*** DATA FOR REVIEW Section Begins ***
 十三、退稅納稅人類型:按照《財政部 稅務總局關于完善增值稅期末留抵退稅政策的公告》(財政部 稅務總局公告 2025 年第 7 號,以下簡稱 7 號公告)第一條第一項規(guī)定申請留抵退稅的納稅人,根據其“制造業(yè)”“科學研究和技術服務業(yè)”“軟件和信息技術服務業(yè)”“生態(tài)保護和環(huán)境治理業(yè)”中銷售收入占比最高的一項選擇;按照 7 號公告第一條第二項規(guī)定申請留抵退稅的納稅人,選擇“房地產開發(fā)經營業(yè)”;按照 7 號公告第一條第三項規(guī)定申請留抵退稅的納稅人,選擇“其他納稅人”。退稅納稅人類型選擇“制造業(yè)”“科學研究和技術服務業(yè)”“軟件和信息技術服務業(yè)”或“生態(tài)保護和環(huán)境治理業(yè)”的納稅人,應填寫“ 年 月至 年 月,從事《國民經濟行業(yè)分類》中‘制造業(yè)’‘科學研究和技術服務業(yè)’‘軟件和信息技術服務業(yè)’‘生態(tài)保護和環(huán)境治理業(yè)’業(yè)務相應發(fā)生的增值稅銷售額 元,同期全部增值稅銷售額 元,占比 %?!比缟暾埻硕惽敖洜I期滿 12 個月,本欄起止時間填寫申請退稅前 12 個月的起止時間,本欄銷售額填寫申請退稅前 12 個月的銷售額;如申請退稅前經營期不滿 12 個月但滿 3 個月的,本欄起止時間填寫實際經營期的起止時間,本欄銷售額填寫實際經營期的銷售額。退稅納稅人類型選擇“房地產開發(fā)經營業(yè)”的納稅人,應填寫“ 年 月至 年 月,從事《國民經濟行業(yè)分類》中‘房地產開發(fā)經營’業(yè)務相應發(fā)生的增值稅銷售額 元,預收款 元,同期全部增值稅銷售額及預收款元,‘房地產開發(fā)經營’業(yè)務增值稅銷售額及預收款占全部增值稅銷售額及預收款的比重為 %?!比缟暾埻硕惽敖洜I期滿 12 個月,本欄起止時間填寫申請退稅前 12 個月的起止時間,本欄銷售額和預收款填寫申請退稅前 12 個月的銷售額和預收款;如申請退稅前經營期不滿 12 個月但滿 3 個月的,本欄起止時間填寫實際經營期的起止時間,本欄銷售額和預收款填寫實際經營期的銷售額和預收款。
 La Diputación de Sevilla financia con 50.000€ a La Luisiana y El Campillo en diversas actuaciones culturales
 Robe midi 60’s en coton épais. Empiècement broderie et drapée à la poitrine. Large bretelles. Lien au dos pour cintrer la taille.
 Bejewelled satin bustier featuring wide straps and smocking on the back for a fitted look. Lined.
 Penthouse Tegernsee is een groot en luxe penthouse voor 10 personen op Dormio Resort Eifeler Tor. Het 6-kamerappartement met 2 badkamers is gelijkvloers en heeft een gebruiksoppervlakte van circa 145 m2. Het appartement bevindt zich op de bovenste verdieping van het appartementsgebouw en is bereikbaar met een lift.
*** DATA FOR REVIEW Section Ends ***
Transcribe the records in full, so that each line reads exactly as before.

EXERCISE OUTPUT
 十三、退稅納稅人類型:按照《財政部 稅務總局關于完善增值稅期末留抵退稅政策的公告》(財政部 稅務總局公告 2025 年第 7 號,以下簡稱 7 號公告)第一條第一項規(guī)定申請留抵退稅的納稅人,根據其“制造業(yè)”“科學研究和技術服務業(yè)”“軟件和信息技術服務業(yè)”“生態(tài)保護和環(huán)境治理業(yè)”中銷售收入占比最高的一項選擇;按照 7 號公告第一條第二項規(guī)定申請留抵退稅的納稅人,選擇“房地產開發(fā)經營業(yè)”;按照 7 號公告第一條第三項規(guī)定申請留抵退稅的納稅人,選擇“其他納稅人”。退稅納稅人類型選擇“制造業(yè)”“科學研究和技術服務業(yè)”“軟件和信息技術服務業(yè)”或“生態(tài)保護和環(huán)境治理業(yè)”的納稅人,應填寫“ 年 月至 年 月,從事《國民經濟行業(yè)分類》中‘制造業(yè)’‘科學研究和技術服務業(yè)’‘軟件和信息技術服務業(yè)’‘生態(tài)保護和環(huán)境治理業(yè)’業(yè)務相應發(fā)生的增值稅銷售額 元,同期全部增值稅銷售額 元,占比 %?!比缟暾埻硕惽敖洜I期滿 12 個月,本欄起止時間填寫申請退稅前 12 個月的起止時間,本欄銷售額填寫申請退稅前 12 個月的銷售額;如申請退稅前經營期不滿 12 個月但滿 3 個月的,本欄起止時間填寫實際經營期的起止時間,本欄銷售額填寫實際經營期的銷售額。退稅納稅人類型選擇“房地產開發(fā)經營業(yè)”的納稅人,應填寫“ 年 月至 年 月,從事《國民經濟行業(yè)分類》中‘房地產開發(fā)經營’業(yè)務相應發(fā)生的增值稅銷售額 元,預收款 元,同期全部增值稅銷售額及預收款元,‘房地產開發(fā)經營’業(yè)務增值稅銷售額及預收款占全部增值稅銷售額及預收款的比重為 %?!比缟暾埻硕惽敖洜I期滿 12 個月,本欄起止時間填寫申請退稅前 12 個月的起止時間,本欄銷售額和預收款填寫申請退稅前 12 個月的銷售額和預收款;如申請退稅前經營期不滿 12 個月但滿 3 個月的,本欄起止時間填寫實際經營期的起止時間,本欄銷售額和預收款填寫實際經營期的銷售額和預收款。
 La Diputación de Sevilla financia con 50.000€ a La Luisiana y El Campillo en diversas actuaciones culturales
 Robe midi 60’s en coton épais. Empiècement broderie et drapée à la poitrine. Large bretelles. Lien au dos pour cintrer la taille.
 Bejewelled satin bustier featuring wide straps and smocking on the back for a fitted look. Lined.
 Penthouse Tegernsee is een groot en luxe penthouse voor 10 personen op Dormio Resort Eifeler Tor. Het 6-kamerappartement met 2 badkamers is gelijkvloers en heeft een gebruiksoppervlakte van circa 145 m2. Het appartement bevindt zich op de bovenste verdieping van het appartementsgebouw en is bereikbaar met een lift.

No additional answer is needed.